P. gingivalis W83 Mediates Inflammatory Changes in NEMO^EC-iKO ApoE^-/- Mice Aortas

Objectives: P. gingivalis (Pg) is an established etiological agent of a variety of extraoral infections, especially those of the cardiovascular system and is implicated in the initiation and/or progression of atherosclerotic cardiovascular disease (ACD). Endothelial cells are likely involved not only in the initiation and progression of cardiovascular diseases (CVDs) such as ACD but also in periodontal disease. Some Pg strains can invade various types of endothelial cells and cause dysfunction of these cells, similar to that known to occur in human ACD. Since inflammation has a major role in ACD, as well as in periodontal disease (PD), we sought to determine the effects of Pg in the absence of NF-κβ by deletion of NF-κβ essential modulator (NEMO) in vivo.
Methods: ApoE^-/- mice with endothelial-specific ablation of NEMO (NEMO^EC-iKO/ApoE^-/- ) were used in this study. Animals were randomly grouped into 6 groups and were orally infected over 6 weeks with Pg W83 or Δ717 (isogenic mutant incapable of stimulation of autophagy in host cells) or sterile vehicle. The heart tissues were then collected from all mice and RNA was isolated. Using the nanostring nCounter platform, which enables direct multiplexed measurement of gene expression, we determined the Pg infection-associated specific changes in the aortic tissues.

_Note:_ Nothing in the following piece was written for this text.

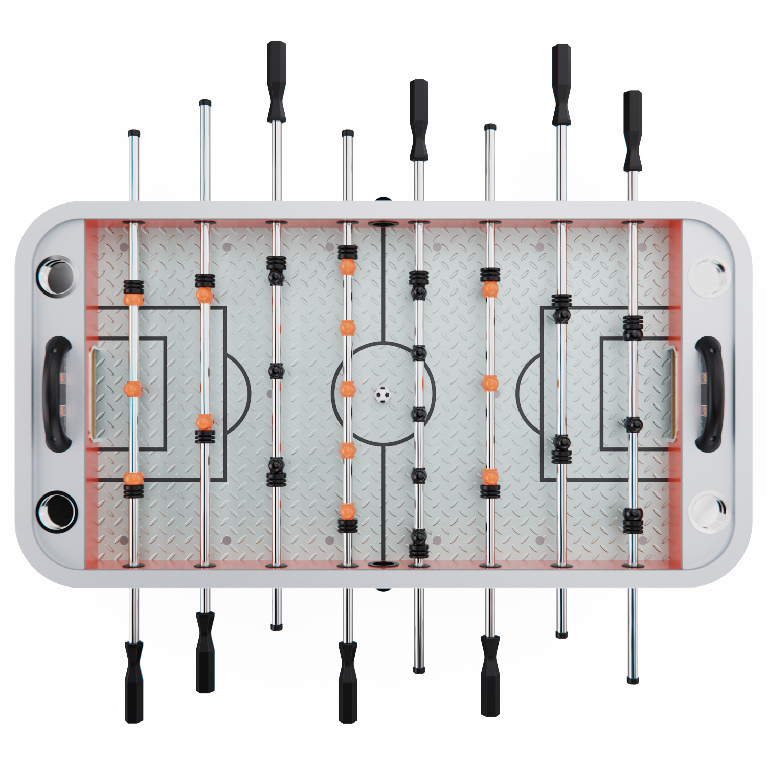 Размер стола — 144 х 76 х 87 см, а игровое поле — 118 х 68 см. Такая площадь оптимальна для маневров, точных ударов и зрелищной игры. Размер мячей — 36 мм, что соответствует стандарту для настольного футбола и обеспечивает отличную управляемость.

Results: We observed differential expression in the genes involved in the inflammatory process in both P.gingivalis W83 and Δ717 infected NEMO^EC-iKO/ApoE^-/ mice. However there were contrasting differences between W83 infected, Δ717 infected and sham-infected mice, especially in expression of chemokines (CCR2, CCL5), a transcription factor (jun) and map kinase signaling molecules (MKK6, MKK3/6).
Conclusions: Our results indicate that P.gingvalis W83 infection creates characteristic changes in the aortic inflammatory response in cells unable to mount a classic inflammatory response and some of these changes depend on the ability of Pg to induce autophagy in the host cells.